_Problem_
What is needed is an exact copy of the data below, pictures excluded.

-- Extracted information follows --

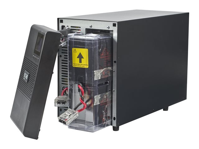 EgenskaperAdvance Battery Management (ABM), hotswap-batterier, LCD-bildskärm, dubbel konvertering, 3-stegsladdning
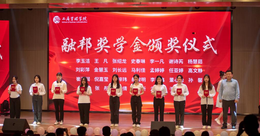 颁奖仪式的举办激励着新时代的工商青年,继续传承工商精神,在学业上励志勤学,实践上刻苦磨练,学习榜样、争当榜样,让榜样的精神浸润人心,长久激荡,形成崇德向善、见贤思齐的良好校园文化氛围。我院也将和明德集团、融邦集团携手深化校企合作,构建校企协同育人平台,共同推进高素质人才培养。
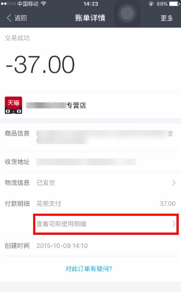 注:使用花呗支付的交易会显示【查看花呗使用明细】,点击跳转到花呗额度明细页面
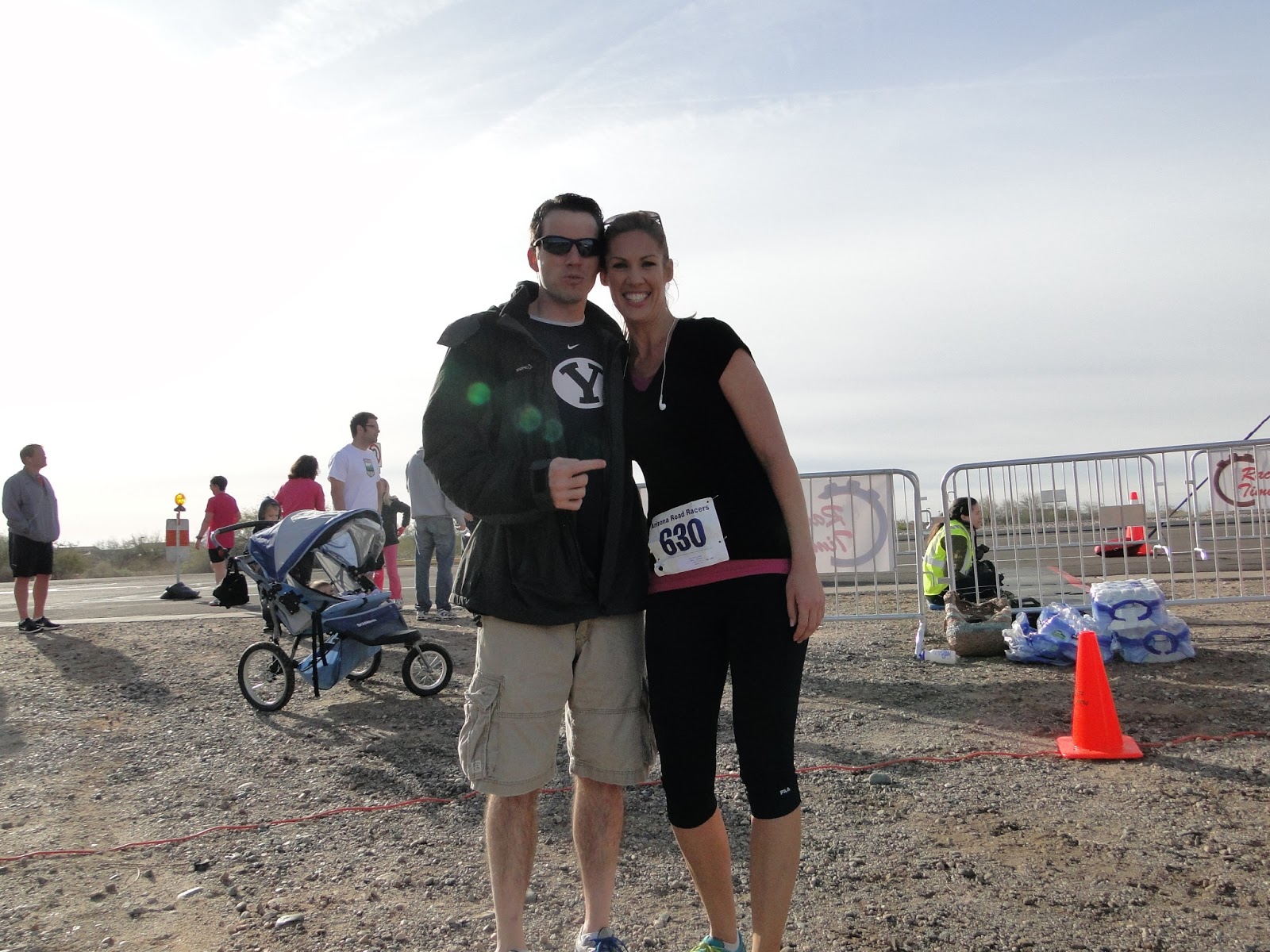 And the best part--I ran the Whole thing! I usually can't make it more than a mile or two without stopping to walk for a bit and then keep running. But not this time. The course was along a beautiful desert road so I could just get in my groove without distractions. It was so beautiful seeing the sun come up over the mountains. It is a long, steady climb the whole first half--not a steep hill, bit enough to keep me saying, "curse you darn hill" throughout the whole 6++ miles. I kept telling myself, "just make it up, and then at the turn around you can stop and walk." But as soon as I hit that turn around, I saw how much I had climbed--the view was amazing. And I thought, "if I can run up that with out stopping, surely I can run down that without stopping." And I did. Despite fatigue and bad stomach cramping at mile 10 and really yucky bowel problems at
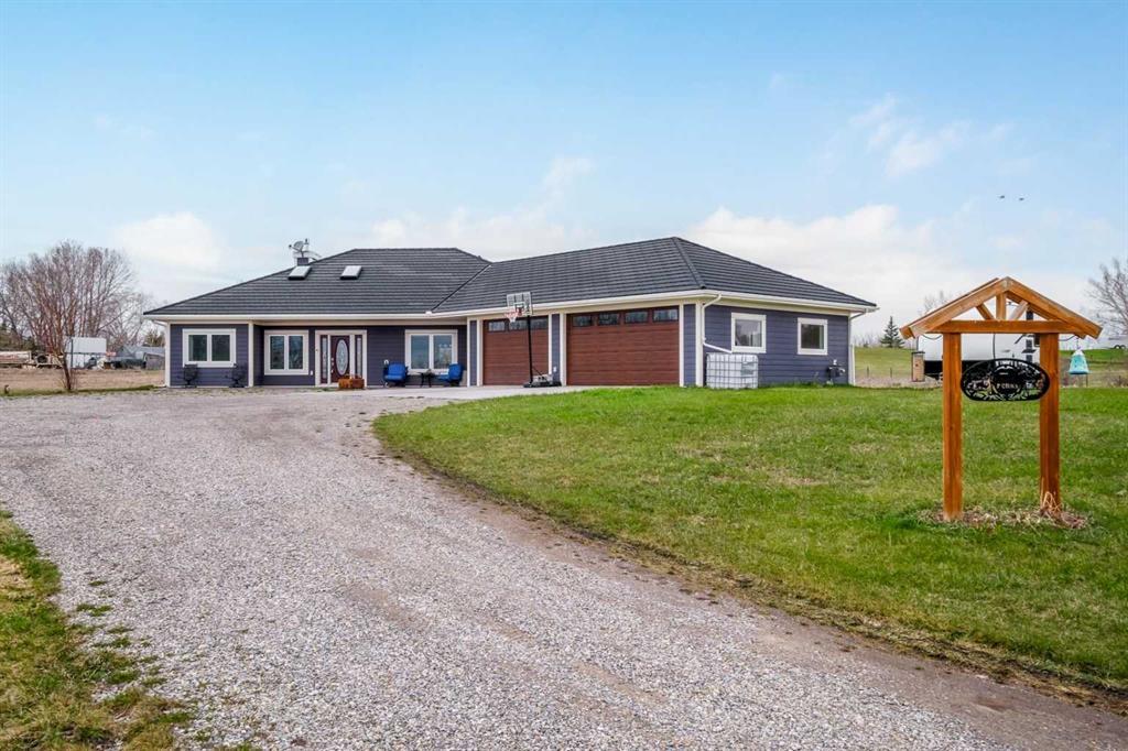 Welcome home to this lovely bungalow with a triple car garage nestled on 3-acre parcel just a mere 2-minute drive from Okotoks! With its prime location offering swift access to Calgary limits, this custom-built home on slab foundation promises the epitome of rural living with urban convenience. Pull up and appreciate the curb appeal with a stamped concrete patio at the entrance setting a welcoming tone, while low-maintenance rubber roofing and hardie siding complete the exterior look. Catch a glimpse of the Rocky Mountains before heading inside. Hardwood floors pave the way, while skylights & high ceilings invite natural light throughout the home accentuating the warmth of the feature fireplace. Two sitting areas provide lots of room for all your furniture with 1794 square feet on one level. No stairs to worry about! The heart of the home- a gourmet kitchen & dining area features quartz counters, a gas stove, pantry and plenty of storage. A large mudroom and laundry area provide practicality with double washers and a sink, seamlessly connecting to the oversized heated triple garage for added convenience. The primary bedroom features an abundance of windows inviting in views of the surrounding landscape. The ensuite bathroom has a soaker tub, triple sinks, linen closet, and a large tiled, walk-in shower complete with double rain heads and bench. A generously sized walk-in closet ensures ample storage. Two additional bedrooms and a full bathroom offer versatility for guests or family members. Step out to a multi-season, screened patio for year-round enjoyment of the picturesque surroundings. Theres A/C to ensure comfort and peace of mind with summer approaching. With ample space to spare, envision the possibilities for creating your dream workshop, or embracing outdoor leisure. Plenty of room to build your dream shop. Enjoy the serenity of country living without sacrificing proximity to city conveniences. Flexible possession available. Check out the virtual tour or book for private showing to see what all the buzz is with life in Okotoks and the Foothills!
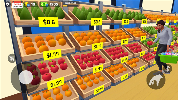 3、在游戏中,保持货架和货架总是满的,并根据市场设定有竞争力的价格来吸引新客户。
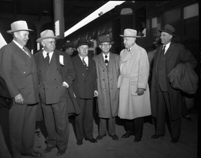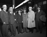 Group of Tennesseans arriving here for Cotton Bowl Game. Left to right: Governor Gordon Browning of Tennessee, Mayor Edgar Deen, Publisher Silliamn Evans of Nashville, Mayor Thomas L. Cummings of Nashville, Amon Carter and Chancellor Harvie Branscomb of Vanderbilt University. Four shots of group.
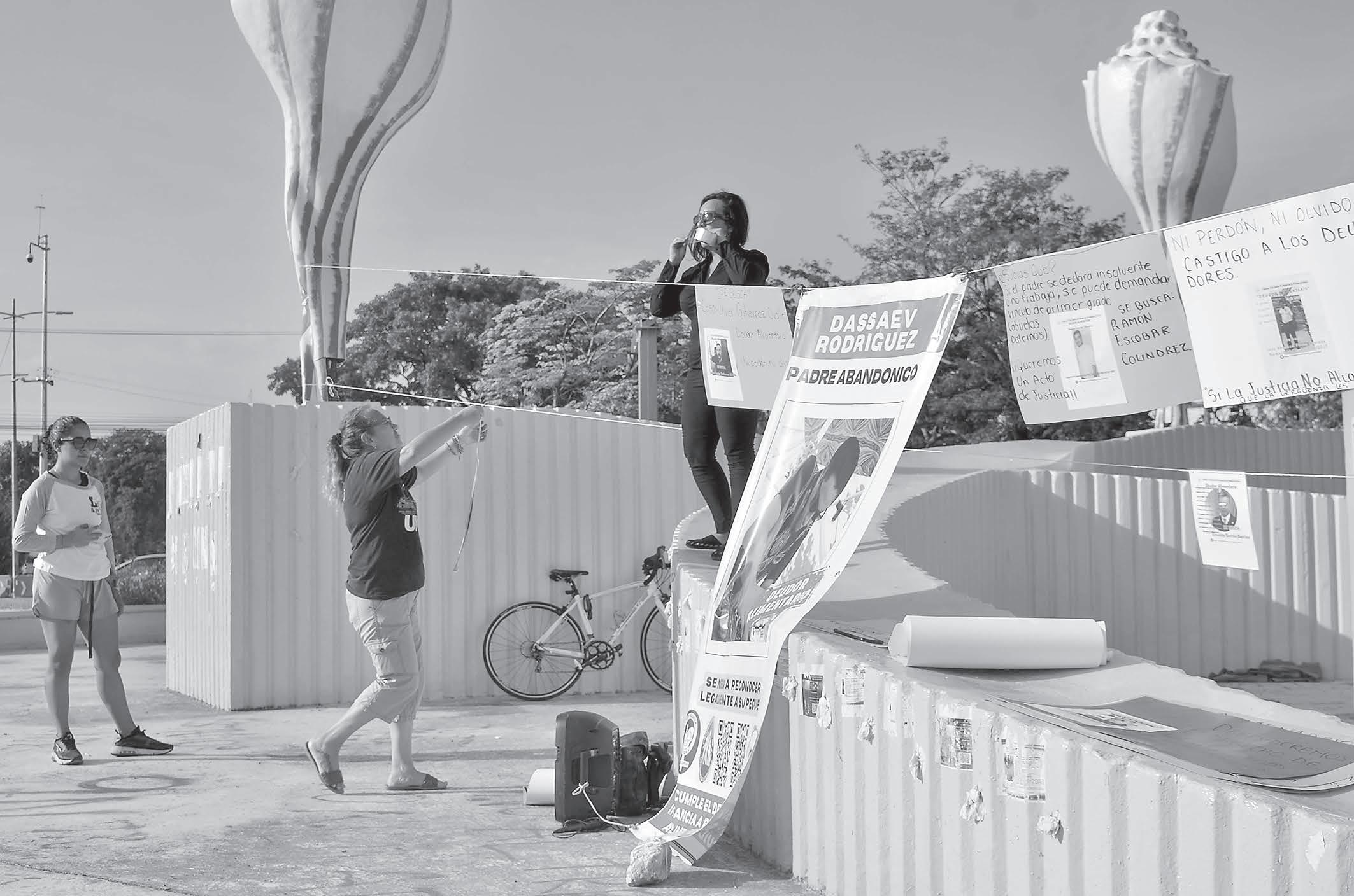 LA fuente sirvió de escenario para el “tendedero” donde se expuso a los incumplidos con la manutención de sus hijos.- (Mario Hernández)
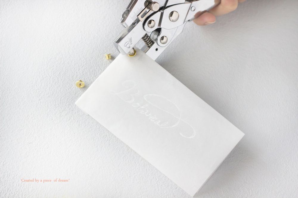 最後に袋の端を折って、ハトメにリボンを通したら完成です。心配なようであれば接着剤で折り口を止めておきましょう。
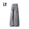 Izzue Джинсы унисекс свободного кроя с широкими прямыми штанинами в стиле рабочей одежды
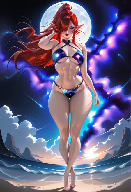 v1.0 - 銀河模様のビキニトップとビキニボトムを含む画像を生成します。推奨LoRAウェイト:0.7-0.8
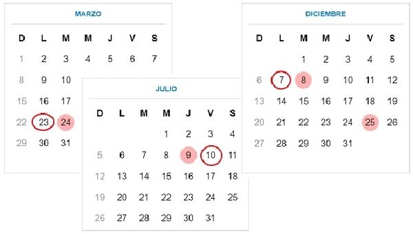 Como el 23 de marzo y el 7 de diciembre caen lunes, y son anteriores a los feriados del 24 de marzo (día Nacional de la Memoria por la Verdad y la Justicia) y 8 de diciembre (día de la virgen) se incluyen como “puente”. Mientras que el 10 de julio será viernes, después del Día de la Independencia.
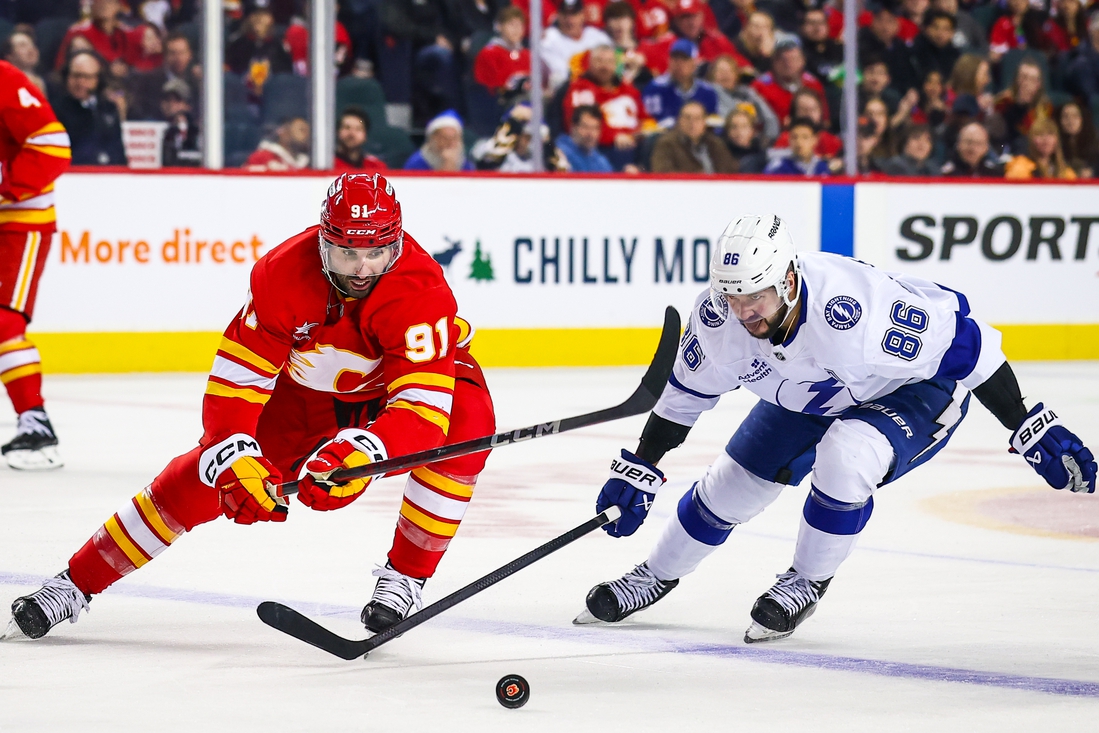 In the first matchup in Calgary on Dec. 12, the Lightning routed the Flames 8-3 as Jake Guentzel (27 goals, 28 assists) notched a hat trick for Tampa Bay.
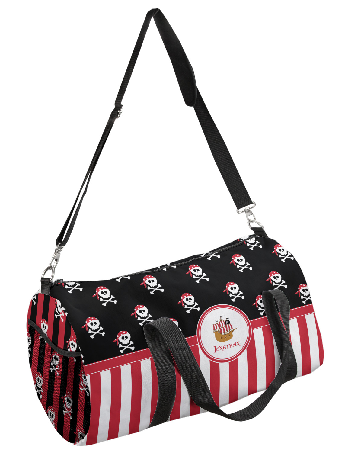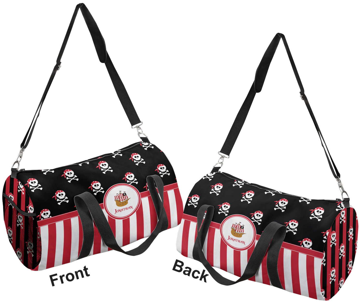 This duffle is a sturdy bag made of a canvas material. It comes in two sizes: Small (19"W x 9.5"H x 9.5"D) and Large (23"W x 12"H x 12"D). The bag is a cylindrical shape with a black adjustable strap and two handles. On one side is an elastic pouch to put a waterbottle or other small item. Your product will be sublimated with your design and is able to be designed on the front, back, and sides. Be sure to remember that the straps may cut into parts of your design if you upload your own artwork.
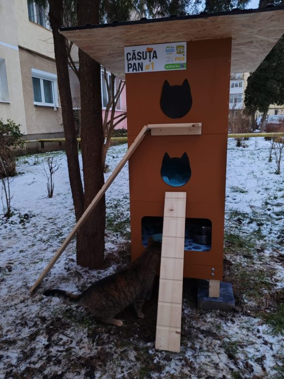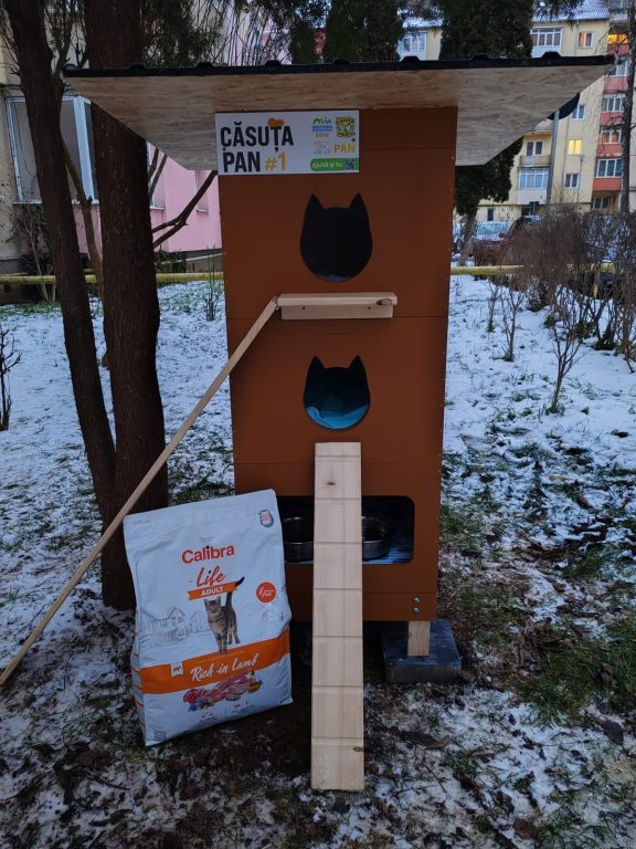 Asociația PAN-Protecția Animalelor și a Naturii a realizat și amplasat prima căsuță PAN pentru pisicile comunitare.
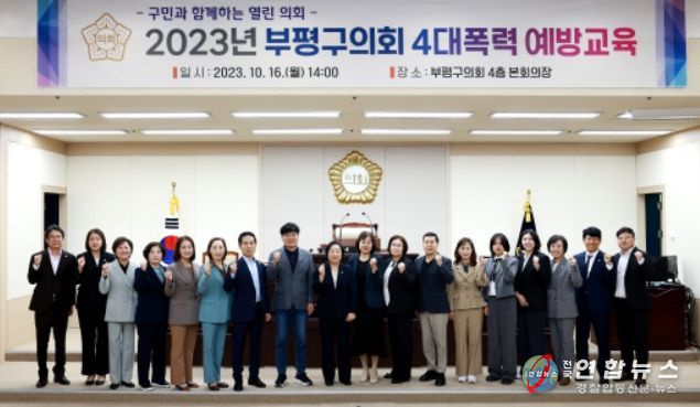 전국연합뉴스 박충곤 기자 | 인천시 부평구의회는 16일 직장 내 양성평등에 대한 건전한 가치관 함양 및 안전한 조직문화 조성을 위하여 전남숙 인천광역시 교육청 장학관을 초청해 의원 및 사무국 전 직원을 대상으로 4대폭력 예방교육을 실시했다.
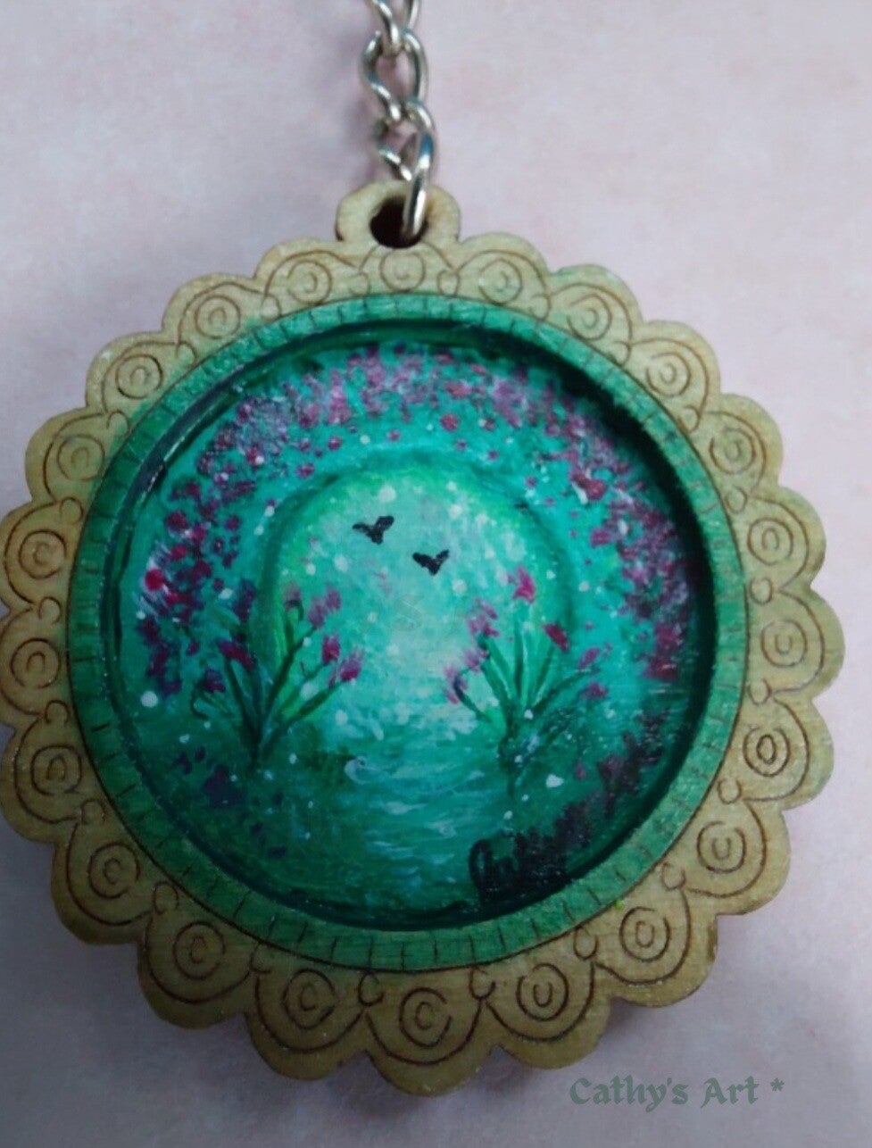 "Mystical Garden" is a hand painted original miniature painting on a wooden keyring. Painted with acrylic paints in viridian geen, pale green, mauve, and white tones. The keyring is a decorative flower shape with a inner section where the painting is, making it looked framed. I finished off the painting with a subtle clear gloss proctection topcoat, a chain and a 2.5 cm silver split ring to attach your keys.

-- Extracted information concluded --

_Answer to this exercise_
 EgenskaperAdvance Battery Management (ABM), hotswap-batterier, LCD-bildskärm, dubbel konvertering, 3-stegsladdning
 颁奖仪式的举办激励着新时代的工商青年,继续传承工商精神,在学业上励志勤学,实践上刻苦磨练,学习榜样、争当榜样,让榜样的精神浸润人心,长久激荡,形成崇德向善、见贤思齐的良好校园文化氛围。我院也将和明德集团、融邦集团携手深化校企合作,构建校企协同育人平台,共同推进高素质人才培养。
 注:使用花呗支付的交易会显示【查看花呗使用明细】,点击跳转到花呗额度明细页面
 And the best part--I ran the Whole thing! I usually can't make it more than a mile or two without stopping to walk for a bit and then keep running. But not this time. The course was along a beautiful desert road so I could just get in my groove without distractions. It was so beautiful seeing the sun come up over the mountains. It is a long, steady climb the whole first half--not a steep hill, bit enough to keep me saying, "curse you darn hill" throughout the whole 6++ miles. I kept telling myself, "just make it up, and then at the turn around you can stop and walk." But as soon as I hit that turn around, I saw how much I had climbed--the view was amazing. And I thought, "if I can run up that with out stopping, surely I can run down that without stopping." And I did. Despite fatigue and bad stomach cramping at mile 10 and really yucky bowel problems at
 Welcome home to this lovely bungalow with a triple car garage nestled on 3-acre parcel just a mere 2-minute drive from Okotoks! With its prime location offering swift access to Calgary limits, this custom-built home on slab foundation promises the epitome of rural living with urban convenience. Pull up and appreciate the curb appeal with a stamped concrete patio at the entrance setting a welcoming tone, while low-maintenance rubber roofing and hardie siding complete the exterior look. Catch a glimpse of the Rocky Mountains before heading inside. Hardwood floors pave the way, while skylights & high ceilings invite natural light throughout the home accentuating the warmth of the feature fireplace. Two sitting areas provide lots of room for all your furniture with 1794 square feet on one level. No stairs to worry about! The heart of the home- a gourmet kitchen & dining area features quartz counters, a gas stove, pantry and plenty of storage. A large mudroom and laundry area provide practicality with double washers and a sink, seamlessly connecting to the oversized heated triple garage for added convenience. The primary bedroom features an abundance of windows inviting in views of the surrounding landscape. The ensuite bathroom has a soaker tub, triple sinks, linen closet, and a large tiled, walk-in shower complete with double rain heads and bench. A generously sized walk-in closet ensures ample storage. Two additional bedrooms and a full bathroom offer versatility for guests or family members. Step out to a multi-season, screened patio for year-round enjoyment of the picturesque surroundings. Theres A/C to ensure comfort and peace of mind with summer approaching. With ample space to spare, envision the possibilities for creating your dream workshop, or embracing outdoor leisure. Plenty of room to build your dream shop. Enjoy the serenity of country living without sacrificing proximity to city conveniences. Flexible possession available. Check out the virtual tour or book for private showing to see what all the buzz is with life in Okotoks and the Foothills!
 3、在游戏中,保持货架和货架总是满的,并根据市场设定有竞争力的价格来吸引新客户。
 Group of Tennesseans arriving here for Cotton Bowl Game. Left to right: Governor Gordon Browning of Tennessee, Mayor Edgar Deen, Publisher Silliamn Evans of Nashville, Mayor Thomas L. Cummings of Nashville, Amon Carter and Chancellor Harvie Branscomb of Vanderbilt University. Four shots of group.
 LA fuente sirvió de escenario para el “tendedero” donde se expuso a los incumplidos con la manutención de sus hijos.- (Mario Hernández)
 最後に袋の端を折って、ハトメにリボンを通したら完成です。心配なようであれば接着剤で折り口を止めておきましょう。
 Izzue Джинсы унисекс свободного кроя с широкими прямыми штанинами в стиле рабочей одежды
 v1.0 - 銀河模様のビキニトップとビキニボトムを含む画像を生成します。推奨LoRAウェイト:0.7-0.8
 Como el 23 de marzo y el 7 de diciembre caen lunes, y son anteriores a los feriados del 24 de marzo (día Nacional de la Memoria por la Verdad y la Justicia) y 8 de diciembre (día de la virgen) se incluyen como “puente”. Mientras que el 10 de julio será viernes, después del Día de la Independencia.
 In the first matchup in Calgary on Dec. 12, the Lightning routed the Flames 8-3 as Jake Guentzel (27 goals, 28 assists) notched a hat trick for Tampa Bay.
 This duffle is a sturdy bag made of a canvas material. It comes in two sizes: Small (19"W x 9.5"H x 9.5"D) and Large (23"W x 12"H x 12"D). The bag is a cylindrical shape with a black adjustable strap and two handles. On one side is an elastic pouch to put a waterbottle or other small item. Your product will be sublimated with your design and is able to be designed on the front, back, and sides. Be sure to remember that the straps may cut into parts of your design if you upload your own artwork.
 Asociația PAN-Protecția Animalelor și a Naturii a realizat și amplasat prima căsuță PAN pentru pisicile comunitare.
 전국연합뉴스 박충곤 기자 | 인천시 부평구의회는 16일 직장 내 양성평등에 대한 건전한 가치관 함양 및 안전한 조직문화 조성을 위하여 전남숙 인천광역시 교육청 장학관을 초청해 의원 및 사무국 전 직원을 대상으로 4대폭력 예방교육을 실시했다.
 "Mystical Garden" is a hand painted original miniature painting on a wooden keyring. Painted with acrylic paints in viridian geen, pale green, mauve, and white tones. The keyring is a decorative flower shape with a inner section where the painting is, making it looked framed. I finished off the painting with a subtle clear gloss proctection topcoat, a chain and a 2.5 cm silver split ring to attach your keys.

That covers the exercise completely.